Между тем девица, поставив принесенное питье и закуску почему-то на подоконник, задернула занавеску, потом подошла к двери и заперла ее на ключ изнутри и только тогда обернулась к подполковнику.
Глаза ее призывно смеялись, одной рукой она как бы нечаянно расстегнула верхнюю пуговичку на форменной рубашке. И тогда он протянул к ней руки, а она медленно вплыла в их жесткий круг. Последовал долгий, затяжной поцелуй — рот у нее был сильный и влажный. При этом крепкое тело Людмилы прижималось, ерзая по нему, и подполковник, которому было не очень удобно целоваться, поскольку он был выше девицы и стоял согнувшись, вдруг сообразил, для чего она оставила стол свободным.
Оторвавшись от ее губ и увидев полуприкрытые глаза, он заботливо снял со своих плеч ее полные, мягкие руки, развернул девицу спиной к себе и вздернул наверх ее юбчонку. Ткань затрещала, но рывок выдержала. Освободить пухлые ягодицы от прочего белья было делом секунды. Люська, напрягшись, уже самостоятельно повалилась грудью ла стол и ухватилась обеими руками за его края...

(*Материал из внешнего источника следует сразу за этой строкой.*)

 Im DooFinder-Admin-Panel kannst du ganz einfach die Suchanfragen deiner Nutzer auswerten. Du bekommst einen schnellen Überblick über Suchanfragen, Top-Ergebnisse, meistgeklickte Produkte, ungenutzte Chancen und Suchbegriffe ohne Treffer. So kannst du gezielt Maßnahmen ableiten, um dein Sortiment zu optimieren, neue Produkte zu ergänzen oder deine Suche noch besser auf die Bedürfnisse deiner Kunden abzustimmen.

Ну конечно же знал подполковник, чем вчера занимались его люди в СИЗО, «допрашивая» женщин. Себе он такого, разумеется, позволить не мог. Но распаленное воображение рисовало картины, от которых у него начинало сильно стучать сердце и к горлу даже подкатывала легкая тошнота, которая бывает при долгой, мерной качке на воде. Возможно, поэтому с такой созревшей готовностью и с таким жаром накинулся он на это податливое и одновременно упругое женское тело, будто сто лет был лишен того, чем занимался сейчас.
Она кричала, вернее, с огромным трудом пыталась гасить свои вопли в пригоршне, прижатой ко рту. А подполковник, всем существом ощущая свое превосходство, с животной страстью словно мстил тем, до кого — по разным причинам — не доходили его руки. И одной из таких причин, кстати, было его желание не подвергать риску свою карьеру — погоны полковника, обещанные ему генералом Седлецким, так и стояли перед глазами. Но сейчас-то никакие карьерные соображения не мешали ему освобождать свой организм от переполнявших его эмоций, а Люська, страстно дергаясь всем телом и подвывая от жгучего нетерпения, активно помогала ему в этом...

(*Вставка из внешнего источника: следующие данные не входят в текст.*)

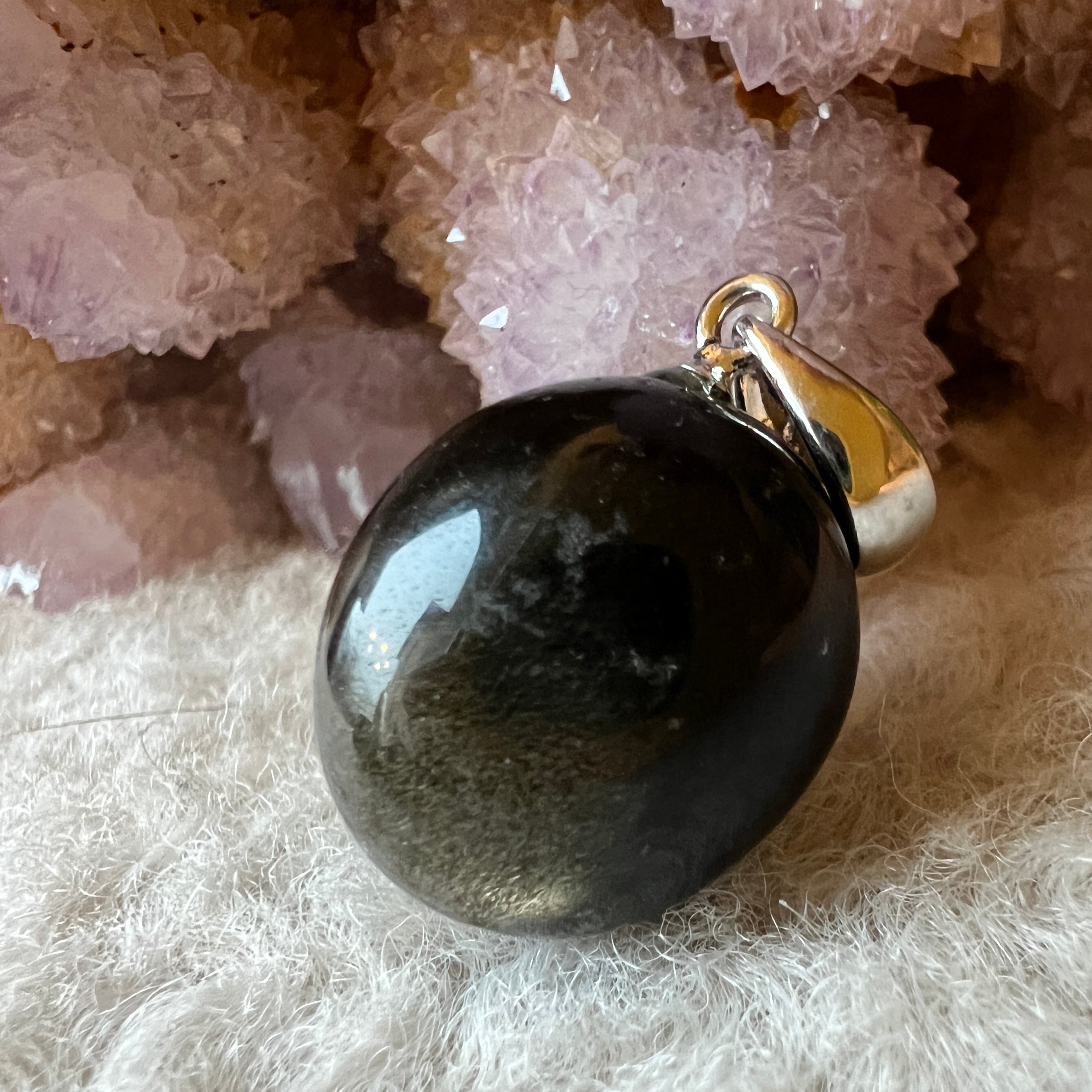 Opis - Srebrny obsydianowy wisiorek bębnowy

Потом они отвалились друг от друга и, с наслаждением выпив по полстакана водки, растроганно потерлись друг о друга. Люська, горя новым нетерпением, достала из тумбочки стола относительно свежую простыню, разостлала на диване и, страстно охнув, повалилась навзничь, забросив одну полную ногу на его спинку и свесив другую до полу. Уж такого открывшегося перед ним натюрморта не смог выдержать подполковник — с утробным рыком бросился он на Люську, словно на пышную и упругую перину, теряя себя в бешеном темпе и ощущая, как его стремительно затягивает в водоворот бездонного омута.
Они отдыхали в очередной раз, прерывисто дыша, когда в дверь легонько постучали.
— Сию минуту, — совершенно свежим голосом, в котором не чувствовалось ни малейшего утомления, ответила Люська и, повернув голову, посмотрела на Затырина, который загнанно дышал. — Слушай, надо вставать, — сказала она, потрепав влажными пальцами его по голове. — Что, еще хочешь? Ну ты даешь!.. Ладно, не возражаю, но только попозже... Там, видно, уже за тобой...
Майор Сенькин действительно закончил необходимую работу и, сам испытывая постоянную слабость к кипучим талантам Люськи, подумал, что подполковнику пора бы подсказать, что надо завязывать, а то ведь так и потерять можно помощницу, всегда вполне доброжелательно относящуюся к фантазиям своего начальника. Майор, зная свои физические достоинства и недостатки, естественно, не мог ставить себя на одну ступеньку с Павлом Петровичем. Да потом, он же видел, как жгуче заблестели глаза начальника при виде неотразимых Люськиных форм. Но ведь любое гостеприимство тоже должно иметь свои пределы. А то, не ровен час, еще и заберет ее к себе подполковник, а это уж ни в какие ворота...
Затырин вышел из комнаты отдыха явно утомленный, но и определенно озабоченный проблемами, которые и привели его в Заводской район. Люська из-за его спины нахально ухмылялась, поглядывая на своего шефа, и с показным облегчением оглаживала на себе юбку, у которой разрез сбоку явно увеличился. Вот же стервоза, беззлобно, впрочем, усмехнулся майор.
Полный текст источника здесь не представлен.